Sen. Ted Cruz (R-Texas) responded to President Barack Obama's latest call for action on gun control Thursday, launching criticism at the White House and promising to do everything in his power to stop the administration's push for stricter legislation.
"It is saddening to see the president today, once again, try to take advantage of this tragic murder to promote an agenda that will do nothing to stop violent crime, but will undermine the constitutional rights of all law-abiding Americans," Cruz said in a statement. "I am committed to working with Sens. Rand Paul, Mike Lee, Marco Rubio, and Jim Inhofe -- and I hope many other colleagues -- to use any procedural means necessary to protect those fundamental rights."
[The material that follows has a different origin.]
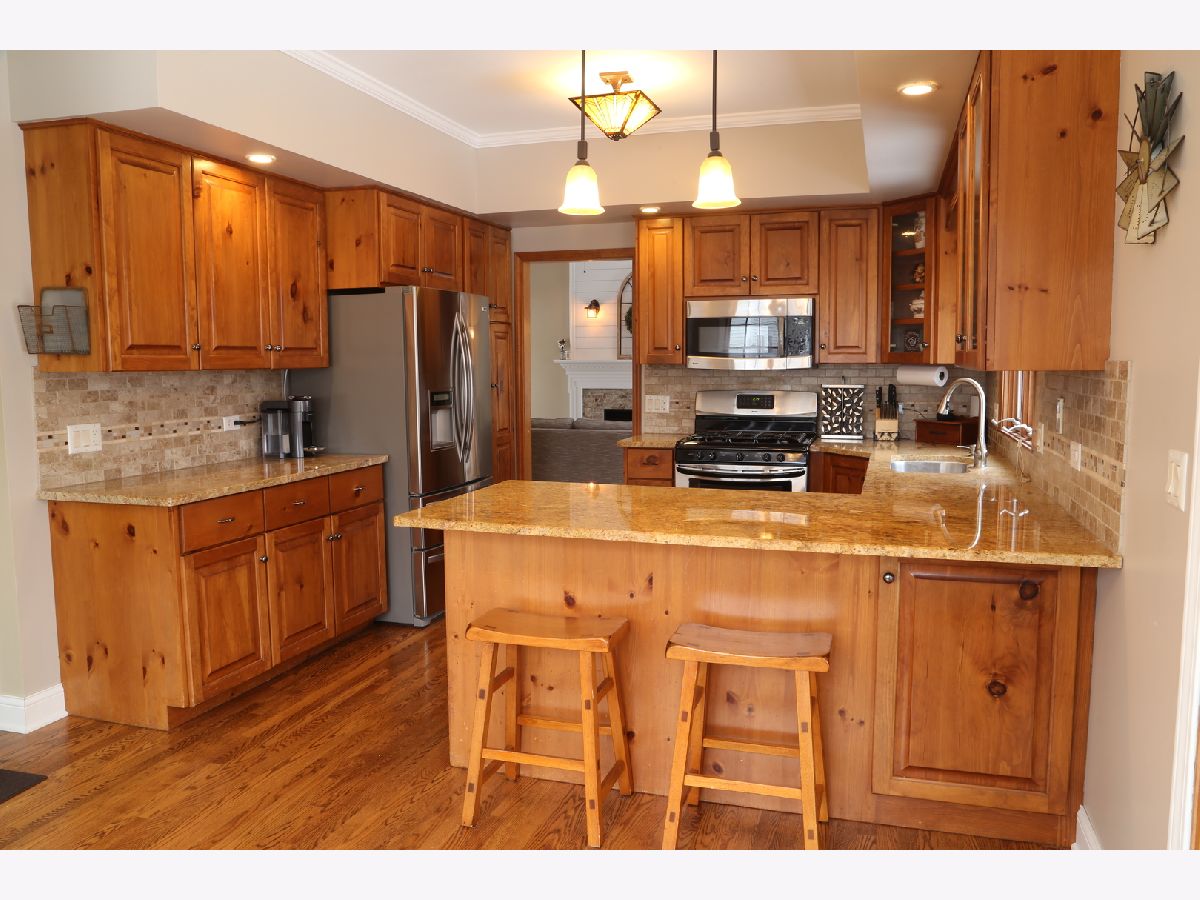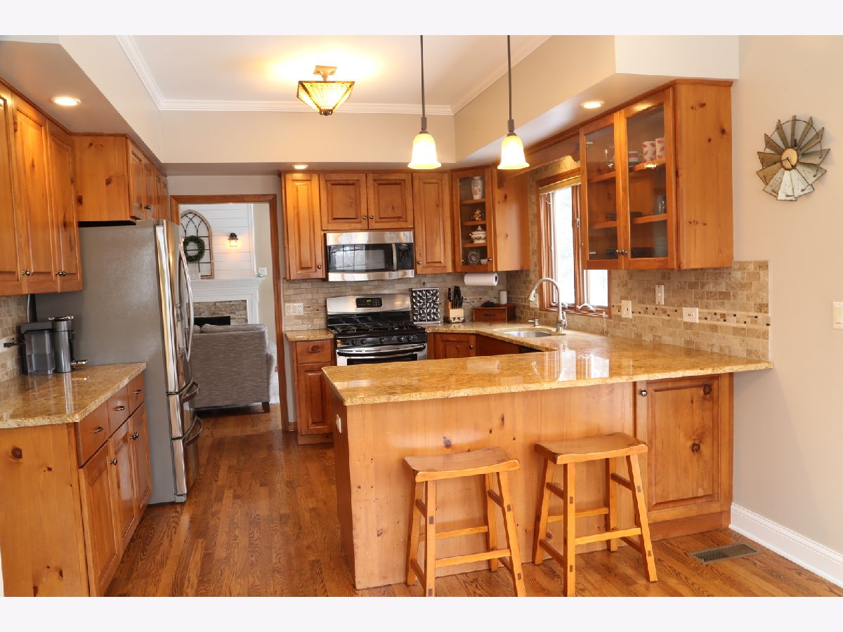 This beautiful home has so much charm and character. Fantastic curb appeal with large covered front porch. Once you walk through the door you will feel right at home. Homeowner has added wonderful upgrades, new hardwood floors, baseboards, crown molding, fresh paint throughout the first floor. Sunny eat in kitchen has custom cabinets, granite counter tops, back splash, stainless steel appliances, breakfast bar and eating area all surrounded by Pella windows and Pella siding glass door. Large First floor laundry with new cabinetry and sink. New carpet on stairs/hallway and spindles. Three bedrooms with potential over garage for 4th or keep as storage. Large master bedroom with updated bath. Finished basement is great for an additional family room and office. Basement has a 1/2 bath and storage area. Remodeled deck and door added from garage provides easy access to large fenced yard, fire pit and play set. Wonderful area to relax and entertain. Close to schools and shopping. THIS IS A MUST SEE TODAY!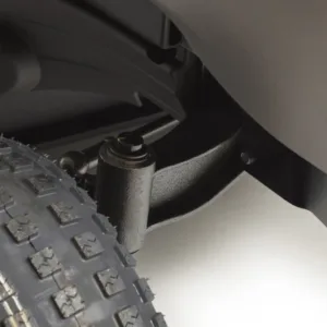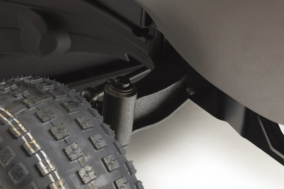 Large rear wheels (20″ in some specs) plus cast‑iron front axle for traction, stability and durability.

Cruz also blamed the Obama administration for contributing to the gun violence it is now attempting to address.
"In any conversation about how to prevent future tragedies such as Sandy Hook, our focus should be on stopping criminals from obtaining guns," Cruz said. "Unfortunately, the Obama Administration has failed to make this a priority -- in 2010, out of more than 15,700 fugitives and felons who tried to illegally purchase a firearm, the Obama Justice Department prosecuted only 44. That is unacceptable."
Cruz has frequently criticized Obama's campaign against gun violence as disingenuous and ineffectual, suggesting that the president has "exploited" the December shooting in Newtown, Conn., in order to build support for proposals that Cruz claims will do nothing to stop gun deaths.
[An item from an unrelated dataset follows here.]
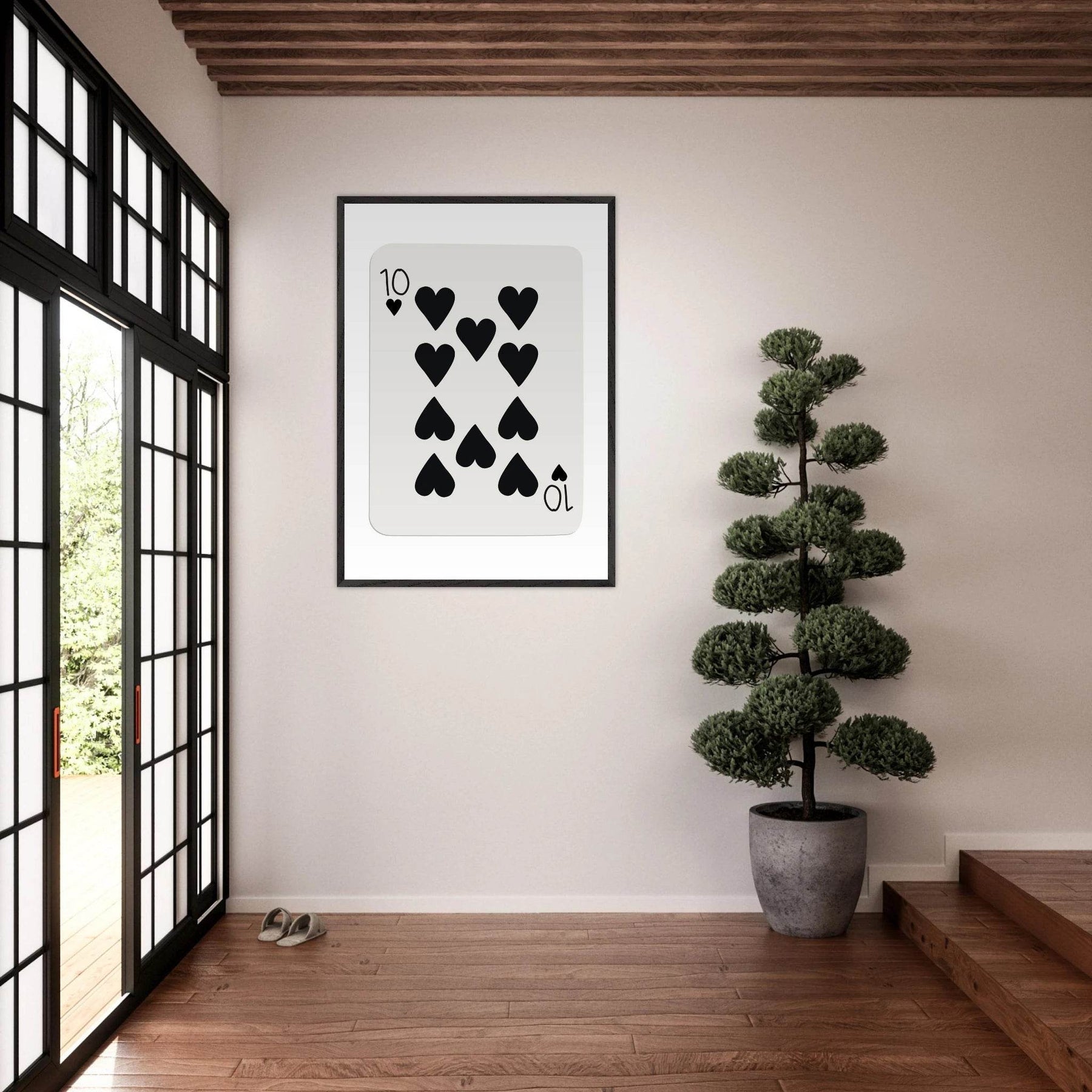 Minimalist Ten of Hearts Poker Card Print - Mounted Framed Poster Art, Eco-Friendly Wood Frame - Vibrantwalls
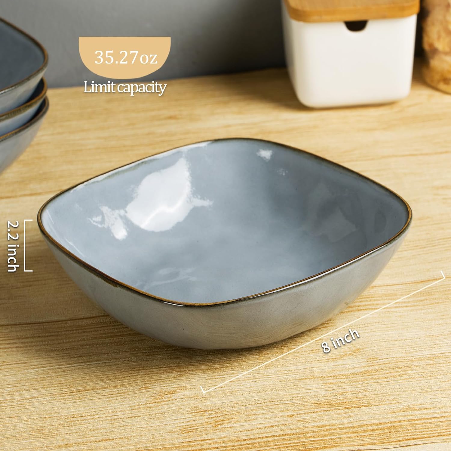 - 【Pasta Bowls Set of 4】Each bowl measures 8 inches. Great for pasta, noodles, desserts, ice cream, salads, rice, beans, and other dishes that include sauce or soup. Suitable for family dinner bowls and serving bowls for entertaining.

Instead, Cruz has joined with his Senate GOP colleagues in a pledge to filibuster the forthcoming legislation in hopes of preventing it from coming to the floor.
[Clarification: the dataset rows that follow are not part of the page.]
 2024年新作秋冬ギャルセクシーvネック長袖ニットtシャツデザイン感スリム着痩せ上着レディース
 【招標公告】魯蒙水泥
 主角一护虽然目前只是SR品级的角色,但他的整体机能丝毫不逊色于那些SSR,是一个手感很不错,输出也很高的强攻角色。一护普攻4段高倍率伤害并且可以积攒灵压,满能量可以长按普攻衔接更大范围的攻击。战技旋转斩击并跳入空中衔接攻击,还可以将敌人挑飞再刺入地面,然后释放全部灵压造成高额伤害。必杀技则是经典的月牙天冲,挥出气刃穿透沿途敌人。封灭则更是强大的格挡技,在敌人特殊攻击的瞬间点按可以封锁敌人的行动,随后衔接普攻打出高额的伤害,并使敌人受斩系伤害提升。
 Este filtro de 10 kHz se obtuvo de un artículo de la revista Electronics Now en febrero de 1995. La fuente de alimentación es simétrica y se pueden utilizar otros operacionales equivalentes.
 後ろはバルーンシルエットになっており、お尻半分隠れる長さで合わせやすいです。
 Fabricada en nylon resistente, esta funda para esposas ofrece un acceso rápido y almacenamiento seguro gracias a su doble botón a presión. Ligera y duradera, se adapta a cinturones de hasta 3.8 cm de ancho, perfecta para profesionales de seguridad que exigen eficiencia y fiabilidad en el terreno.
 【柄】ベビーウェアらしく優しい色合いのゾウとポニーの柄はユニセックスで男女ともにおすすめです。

HuffPost's Sabrina Siddiqui reported on Thursday:
Gun control legislation is expected to face an uphill battle in Congress, where lawmakers on both sides of the aisle remain divided on the issue. Earlier this week, Paul and Cruz sent a letter to Senate Majority Leader Harry Reid (D-Nev.) stating their intention to filibuster the motion to proceed to debate on gun legislation.
But as Niels Lesniewski of Roll Call points out, under new Senate rules, Reid could use a procedural maneuver to force the bill to the floor.